It’s been noted on this page and elsewhere that today is the 50th anniversary of the March on Washington and Martin Luther King Jr.’s “I Have a Dream” speech, which has joined the pantheon of great American oratory alongside Abraham Lincoln’s Gettysburg Address and Franklin Roosevelt’s first inaugural speech.

Though the power of King’s words and the breathtaking mastery of their delivery are well understood and appreciated today, it wasn’t always so. The Washington Post has admitted that it, to an extent, blew the story a half-century ago by placing King’s speech farther down in a wrap-up story on the March on Washington. In 1963, the Observer-Reporter consisted of the morning Observer and the evening Reporter, and, in the rally’s aftermath, the Reporter made do with an aerial photo from the wire on an inside page of the throngs at the Lincoln Memorial.

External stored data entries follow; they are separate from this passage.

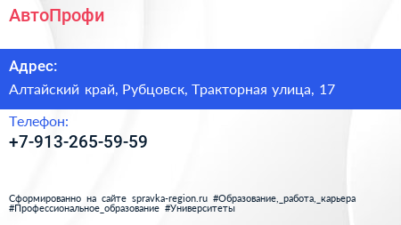АвтоПрофи по адресу Алтайский край, Рубцовск, Тракторная улица, 17 в дальнейшем Организация, размещена в следующих категориях:
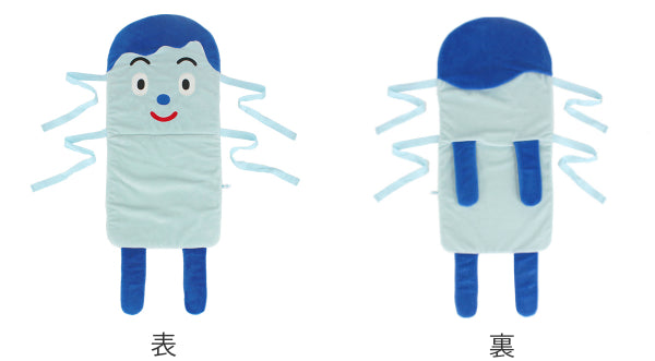 コッシーのイスカバーです。お子様用のイスにイスカバーをセットし、両端のひもを結ぶと取付け完了です。お子様もコッシーと一緒ならより楽しく座れそうです。
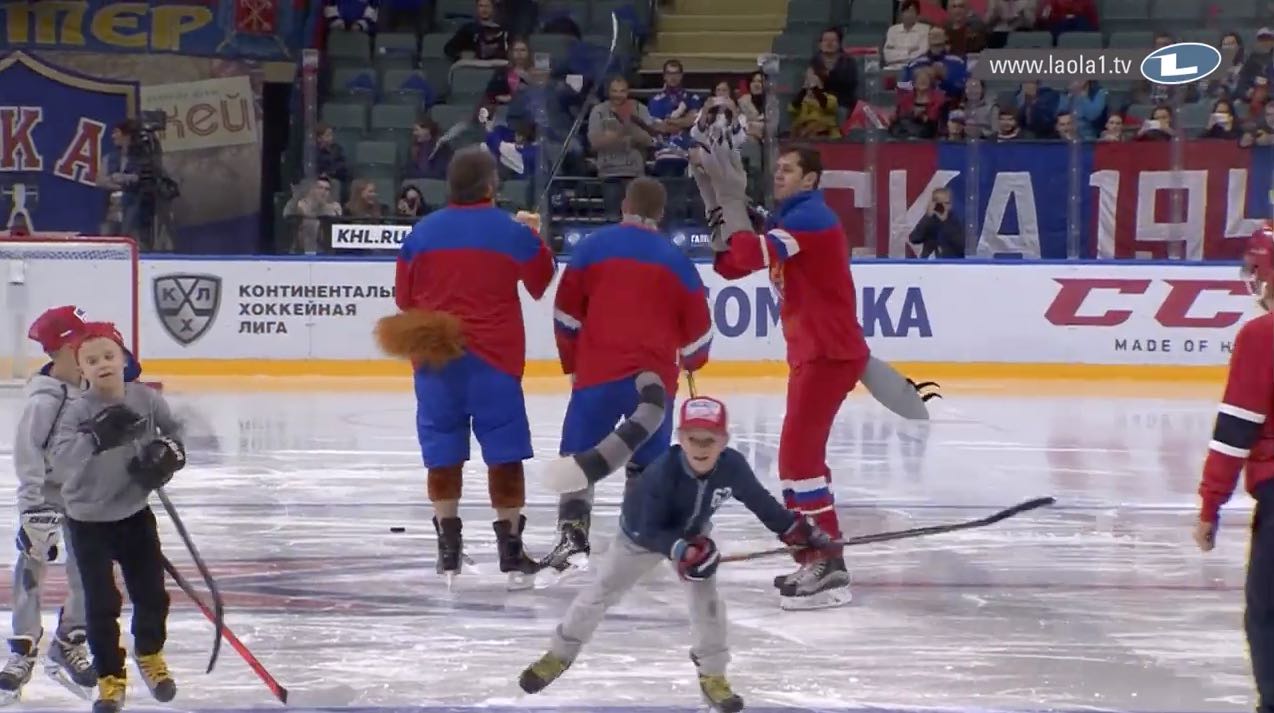 A group of Russian kids thought they were playing a fun game against some mascots during an intermission of a KHL game between SKA St. Peterburg and Lada Togliatti on Friday, but it turns out they were actually on the ice with Alex Ovechkin, Evgeni Malkin and Evgeny Kuznetsov.
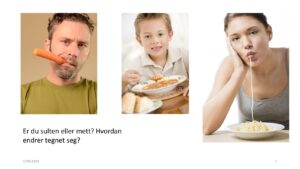 1. Bruk gjerne lysbildene du kan laste ned under. Snakk sammen om tegnet endrer seg dersom man har en tilleggsopplysning om at den som spiser:
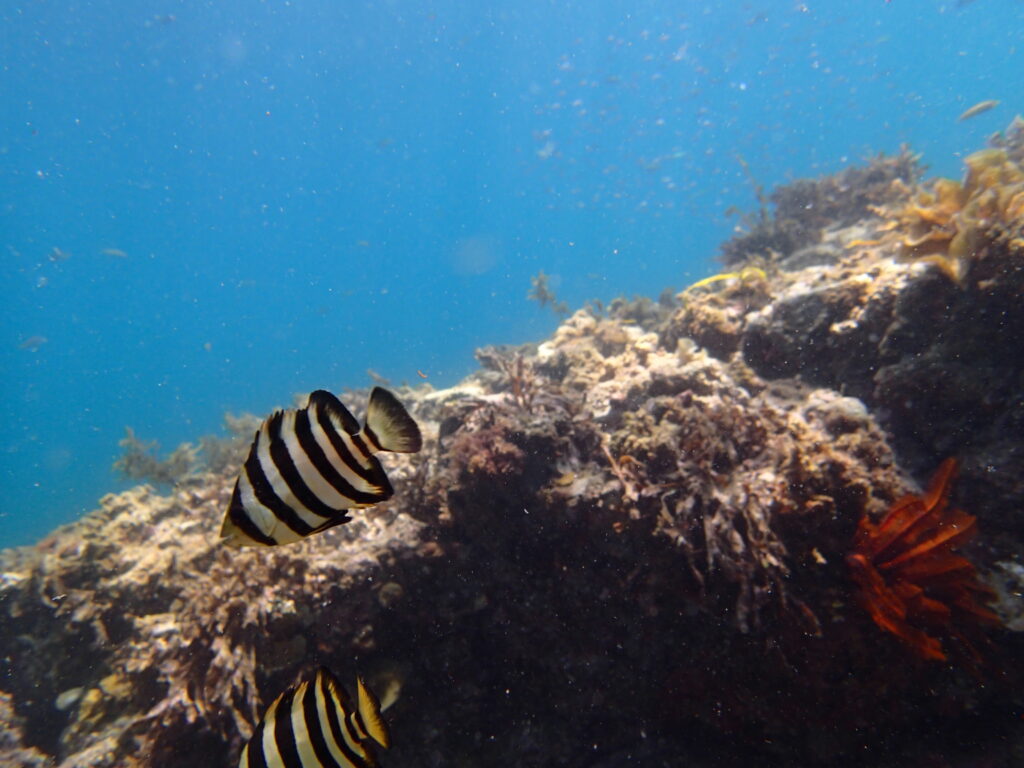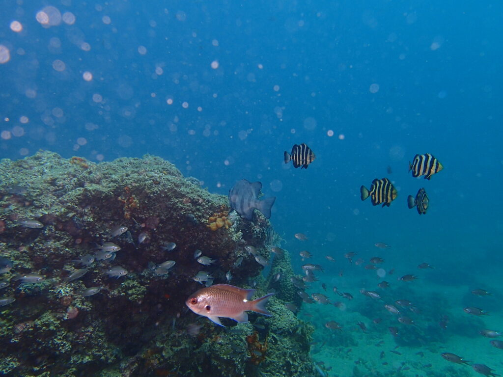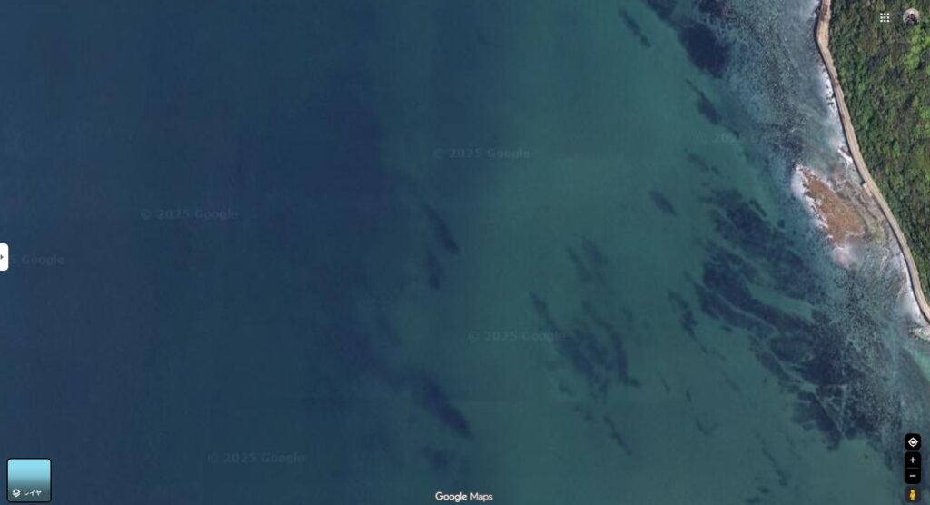 水中写真 恋の浦の水中写真を集めてみました。作品の提供者はこのダイビングサービスを利用してくださっている皆さまです。撮影者のお名前や撮影データは公表していません。 恋の浦の水中景観はどんな感じかな?という質問にお答えできるかもしれません。 Google Map からのポイントの写真です。写真左側の黒っぽいところがポイント「小鯛曽根」です。

The front page of the newspaper was dominated by dispatches from a mine blast in Utah – placement that was understandable given the prominence of the coal industry in this region 50 years ago.

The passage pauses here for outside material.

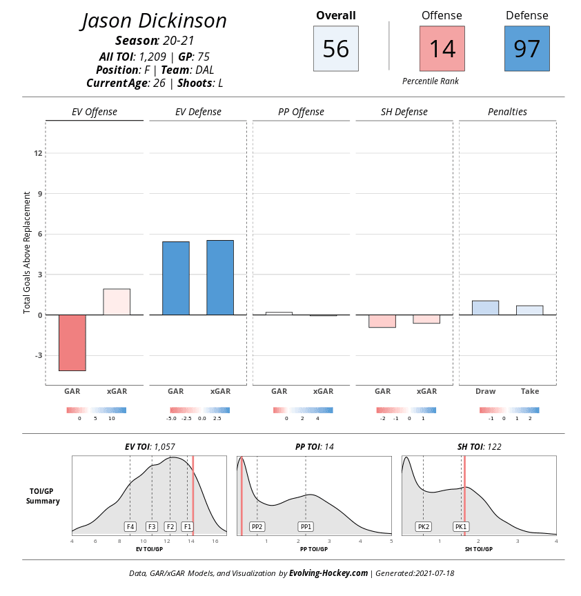 Dickinson shifted around Dallas’ middle-six last season filling in as the team’s 3rd-line center and 2nd-line left winger while putting up impressive underlying defensive numbers. According to Evolving Hockey, Dickinson was in the 97th percentile for defensive value in their model.

We had considered printing the entire text, or, at least, lengthy excerpts of King’s “I Have a Dream” speech on this page today, in the same way that we have rerun the Declaration of Independence or the “Yes, Virginia, There is a Santa Claus” editorial that appeared in The New York Sun in 1897. However, there’s one notable difference between the Declaration of Independence, “Yes, Virginia…” and the “I Have a Dream” speech – the first two are in the public domain, and can be used by anyone for any purpose, while the text of King’s speech has been placed under copyright control by King’s family. It will not arrive in the public domain until 2038, 75 years after the speech and 70 years after King’s death.

As the magazine Mother Jones noted ruefully last week, that speech, with its soaring “Free at last!” coda “is not free, alas.”

The fact that the speech, in its entirety, is not available for use by anyone and everyone has become a sore point among many educators and historians, who say it should be readily available, free of charge. That King’s heirs have licensed its use in advertisements for Mercedes-Benz and Cingular Wireless has also raised the ire of many of King’s admirers and former colleagues.

Thankfully, however, American copyright law also contains the Fair Use Doctrine, which allows some quotations to be used from a work to illustrate certain points or comment upon it. That being the case, we can appreciate the poetry of King’s hope that “with this faith, we will be able to hew out of the mountain of despair a stone of hope. With this faith, we will be able to transform the jangling discords of our nation into a beautiful symphony of brotherhood.

“With this faith, we will be able to work together, to pray together, to struggle together, to go to jail together, to stand up for freedom together, knowing that we will be free one day … And so even though we face the difficulties of today and tomorrow, I still have a dream. It is a dream deeply rooted in the American dream.”

The world of 2013 is as different from 1963, in many respects, as 1963 was from 1913. King’s words still retain their inspirational power, nonetheless, and that will almost certainly remain the case in 2063.